Records shown:
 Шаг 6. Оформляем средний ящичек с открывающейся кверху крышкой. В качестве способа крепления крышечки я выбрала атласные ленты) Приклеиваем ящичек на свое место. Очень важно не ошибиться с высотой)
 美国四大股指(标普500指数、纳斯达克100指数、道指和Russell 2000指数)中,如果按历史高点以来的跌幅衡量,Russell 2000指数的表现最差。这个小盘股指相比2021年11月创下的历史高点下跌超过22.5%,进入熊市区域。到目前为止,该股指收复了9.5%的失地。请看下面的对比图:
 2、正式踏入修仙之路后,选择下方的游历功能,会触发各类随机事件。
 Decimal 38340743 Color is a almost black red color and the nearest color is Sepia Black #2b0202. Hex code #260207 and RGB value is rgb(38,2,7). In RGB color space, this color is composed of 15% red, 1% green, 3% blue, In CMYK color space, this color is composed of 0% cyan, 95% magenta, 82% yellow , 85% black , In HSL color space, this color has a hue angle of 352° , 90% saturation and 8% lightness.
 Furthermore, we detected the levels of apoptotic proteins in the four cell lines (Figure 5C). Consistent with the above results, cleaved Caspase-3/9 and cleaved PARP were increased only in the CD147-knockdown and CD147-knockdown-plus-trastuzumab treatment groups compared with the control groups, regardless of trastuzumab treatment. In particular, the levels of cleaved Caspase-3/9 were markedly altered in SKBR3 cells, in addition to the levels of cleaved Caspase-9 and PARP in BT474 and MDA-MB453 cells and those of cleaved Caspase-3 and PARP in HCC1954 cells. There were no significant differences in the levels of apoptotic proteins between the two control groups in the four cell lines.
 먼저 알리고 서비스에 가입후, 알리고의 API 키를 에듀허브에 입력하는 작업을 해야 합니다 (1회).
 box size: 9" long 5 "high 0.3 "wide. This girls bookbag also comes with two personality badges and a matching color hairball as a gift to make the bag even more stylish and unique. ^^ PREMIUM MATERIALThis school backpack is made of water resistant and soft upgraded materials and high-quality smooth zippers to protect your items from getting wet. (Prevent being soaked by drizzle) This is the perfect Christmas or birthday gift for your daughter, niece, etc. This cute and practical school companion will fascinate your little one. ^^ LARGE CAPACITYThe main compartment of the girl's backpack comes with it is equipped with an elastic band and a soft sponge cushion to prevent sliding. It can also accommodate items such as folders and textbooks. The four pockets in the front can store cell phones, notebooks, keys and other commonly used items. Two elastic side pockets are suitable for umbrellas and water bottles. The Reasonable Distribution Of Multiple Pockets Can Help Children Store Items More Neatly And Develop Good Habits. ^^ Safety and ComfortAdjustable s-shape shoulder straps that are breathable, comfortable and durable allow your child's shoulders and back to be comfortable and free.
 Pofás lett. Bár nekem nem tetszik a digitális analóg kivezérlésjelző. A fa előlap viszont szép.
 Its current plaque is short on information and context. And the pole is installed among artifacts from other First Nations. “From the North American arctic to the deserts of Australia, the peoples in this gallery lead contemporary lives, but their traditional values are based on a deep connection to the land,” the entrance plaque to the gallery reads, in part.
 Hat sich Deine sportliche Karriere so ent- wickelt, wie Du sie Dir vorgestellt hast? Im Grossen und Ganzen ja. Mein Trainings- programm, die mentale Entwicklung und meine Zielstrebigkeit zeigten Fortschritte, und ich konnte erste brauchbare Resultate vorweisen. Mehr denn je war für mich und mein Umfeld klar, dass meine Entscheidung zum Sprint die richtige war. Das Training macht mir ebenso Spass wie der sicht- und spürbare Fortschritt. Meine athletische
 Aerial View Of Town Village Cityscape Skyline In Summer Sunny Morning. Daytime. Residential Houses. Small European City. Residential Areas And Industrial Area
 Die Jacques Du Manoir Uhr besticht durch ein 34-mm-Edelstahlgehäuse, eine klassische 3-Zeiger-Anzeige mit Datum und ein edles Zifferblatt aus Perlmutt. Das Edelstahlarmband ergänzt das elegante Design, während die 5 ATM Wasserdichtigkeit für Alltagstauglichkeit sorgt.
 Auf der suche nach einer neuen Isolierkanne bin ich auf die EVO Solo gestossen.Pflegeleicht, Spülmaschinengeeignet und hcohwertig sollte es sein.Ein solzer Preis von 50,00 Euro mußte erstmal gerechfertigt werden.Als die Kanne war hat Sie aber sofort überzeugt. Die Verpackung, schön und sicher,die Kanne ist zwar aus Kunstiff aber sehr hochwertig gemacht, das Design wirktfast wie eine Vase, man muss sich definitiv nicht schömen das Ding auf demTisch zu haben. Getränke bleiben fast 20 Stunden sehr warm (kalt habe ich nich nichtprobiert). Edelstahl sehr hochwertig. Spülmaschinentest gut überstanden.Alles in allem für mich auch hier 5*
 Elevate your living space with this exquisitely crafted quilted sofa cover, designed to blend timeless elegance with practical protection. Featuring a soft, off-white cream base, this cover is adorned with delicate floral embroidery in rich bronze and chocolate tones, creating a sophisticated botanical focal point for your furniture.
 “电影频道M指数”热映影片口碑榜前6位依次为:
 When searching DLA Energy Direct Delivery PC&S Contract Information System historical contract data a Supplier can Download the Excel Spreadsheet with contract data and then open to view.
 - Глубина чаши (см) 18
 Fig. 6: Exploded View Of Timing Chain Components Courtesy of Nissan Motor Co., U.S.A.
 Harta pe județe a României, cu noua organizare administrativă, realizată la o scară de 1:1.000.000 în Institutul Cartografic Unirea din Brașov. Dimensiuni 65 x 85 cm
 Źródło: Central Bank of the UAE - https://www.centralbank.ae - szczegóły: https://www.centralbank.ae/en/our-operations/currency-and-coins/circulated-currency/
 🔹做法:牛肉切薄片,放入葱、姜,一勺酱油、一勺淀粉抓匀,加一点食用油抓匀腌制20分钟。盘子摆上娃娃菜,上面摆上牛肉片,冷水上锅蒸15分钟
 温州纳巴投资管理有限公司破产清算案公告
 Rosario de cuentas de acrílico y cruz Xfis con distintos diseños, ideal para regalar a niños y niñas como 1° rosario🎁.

Your objective: Once the listing has been read, copy every line of it exactly.

Your solution:
 Шаг 6. Оформляем средний ящичек с открывающейся кверху крышкой. В качестве способа крепления крышечки я выбрала атласные ленты) Приклеиваем ящичек на свое место. Очень важно не ошибиться с высотой)
 美国四大股指(标普500指数、纳斯达克100指数、道指和Russell 2000指数)中,如果按历史高点以来的跌幅衡量,Russell 2000指数的表现最差。这个小盘股指相比2021年11月创下的历史高点下跌超过22.5%,进入熊市区域。到目前为止,该股指收复了9.5%的失地。请看下面的对比图:
 2、正式踏入修仙之路后,选择下方的游历功能,会触发各类随机事件。
 Decimal 38340743 Color is a almost black red color and the nearest color is Sepia Black #2b0202. Hex code #260207 and RGB value is rgb(38,2,7). In RGB color space, this color is composed of 15% red, 1% green, 3% blue, In CMYK color space, this color is composed of 0% cyan, 95% magenta, 82% yellow , 85% black , In HSL color space, this color has a hue angle of 352° , 90% saturation and 8% lightness.
 Furthermore, we detected the levels of apoptotic proteins in the four cell lines (Figure 5C). Consistent with the above results, cleaved Caspase-3/9 and cleaved PARP were increased only in the CD147-knockdown and CD147-knockdown-plus-trastuzumab treatment groups compared with the control groups, regardless of trastuzumab treatment. In particular, the levels of cleaved Caspase-3/9 were markedly altered in SKBR3 cells, in addition to the levels of cleaved Caspase-9 and PARP in BT474 and MDA-MB453 cells and those of cleaved Caspase-3 and PARP in HCC1954 cells. There were no significant differences in the levels of apoptotic proteins between the two control groups in the four cell lines.
 먼저 알리고 서비스에 가입후, 알리고의 API 키를 에듀허브에 입력하는 작업을 해야 합니다 (1회).
 box size: 9" long 5 "high 0.3 "wide. This girls bookbag also comes with two personality badges and a matching color hairball as a gift to make the bag even more stylish and unique. ^^ PREMIUM MATERIALThis school backpack is made of water resistant and soft upgraded materials and high-quality smooth zippers to protect your items from getting wet. (Prevent being soaked by drizzle) This is the perfect Christmas or birthday gift for your daughter, niece, etc. This cute and practical school companion will fascinate your little one. ^^ LARGE CAPACITYThe main compartment of the girl's backpack comes with it is equipped with an elastic band and a soft sponge cushion to prevent sliding. It can also accommodate items such as folders and textbooks. The four pockets in the front can store cell phones, notebooks, keys and other commonly used items. Two elastic side pockets are suitable for umbrellas and water bottles. The Reasonable Distribution Of Multiple Pockets Can Help Children Store Items More Neatly And Develop Good Habits. ^^ Safety and ComfortAdjustable s-shape shoulder straps that are breathable, comfortable and durable allow your child's shoulders and back to be comfortable and free.
 Pofás lett. Bár nekem nem tetszik a digitális analóg kivezérlésjelző. A fa előlap viszont szép.
 Its current plaque is short on information and context. And the pole is installed among artifacts from other First Nations. “From the North American arctic to the deserts of Australia, the peoples in this gallery lead contemporary lives, but their traditional values are based on a deep connection to the land,” the entrance plaque to the gallery reads, in part.
 Hat sich Deine sportliche Karriere so ent- wickelt, wie Du sie Dir vorgestellt hast? Im Grossen und Ganzen ja. Mein Trainings- programm, die mentale Entwicklung und meine Zielstrebigkeit zeigten Fortschritte, und ich konnte erste brauchbare Resultate vorweisen. Mehr denn je war für mich und mein Umfeld klar, dass meine Entscheidung zum Sprint die richtige war. Das Training macht mir ebenso Spass wie der sicht- und spürbare Fortschritt. Meine athletische
 Aerial View Of Town Village Cityscape Skyline In Summer Sunny Morning. Daytime. Residential Houses. Small European City. Residential Areas And Industrial Area
 Die Jacques Du Manoir Uhr besticht durch ein 34-mm-Edelstahlgehäuse, eine klassische 3-Zeiger-Anzeige mit Datum und ein edles Zifferblatt aus Perlmutt. Das Edelstahlarmband ergänzt das elegante Design, während die 5 ATM Wasserdichtigkeit für Alltagstauglichkeit sorgt.
 Auf der suche nach einer neuen Isolierkanne bin ich auf die EVO Solo gestossen.Pflegeleicht, Spülmaschinengeeignet und hcohwertig sollte es sein.Ein solzer Preis von 50,00 Euro mußte erstmal gerechfertigt werden.Als die Kanne war hat Sie aber sofort überzeugt. Die Verpackung, schön und sicher,die Kanne ist zwar aus Kunstiff aber sehr hochwertig gemacht, das Design wirktfast wie eine Vase, man muss sich definitiv nicht schömen das Ding auf demTisch zu haben. Getränke bleiben fast 20 Stunden sehr warm (kalt habe ich nich nichtprobiert). Edelstahl sehr hochwertig. Spülmaschinentest gut überstanden.Alles in allem für mich auch hier 5*
 Elevate your living space with this exquisitely crafted quilted sofa cover, designed to blend timeless elegance with practical protection. Featuring a soft, off-white cream base, this cover is adorned with delicate floral embroidery in rich bronze and chocolate tones, creating a sophisticated botanical focal point for your furniture.
 “电影频道M指数”热映影片口碑榜前6位依次为:
 When searching DLA Energy Direct Delivery PC&S Contract Information System historical contract data a Supplier can Download the Excel Spreadsheet with contract data and then open to view.
 - Глубина чаши (см) 18
 Fig. 6: Exploded View Of Timing Chain Components Courtesy of Nissan Motor Co., U.S.A.
 Harta pe județe a României, cu noua organizare administrativă, realizată la o scară de 1:1.000.000 în Institutul Cartografic Unirea din Brașov. Dimensiuni 65 x 85 cm
 Źródło: Central Bank of the UAE - https://www.centralbank.ae - szczegóły: https://www.centralbank.ae/en/our-operations/currency-and-coins/circulated-currency/
 🔹做法:牛肉切薄片,放入葱、姜,一勺酱油、一勺淀粉抓匀,加一点食用油抓匀腌制20分钟。盘子摆上娃娃菜,上面摆上牛肉片,冷水上锅蒸15分钟
 温州纳巴投资管理有限公司破产清算案公告
 Rosario de cuentas de acrílico y cruz Xfis con distintos diseños, ideal para regalar a niños y niñas como 1° rosario🎁.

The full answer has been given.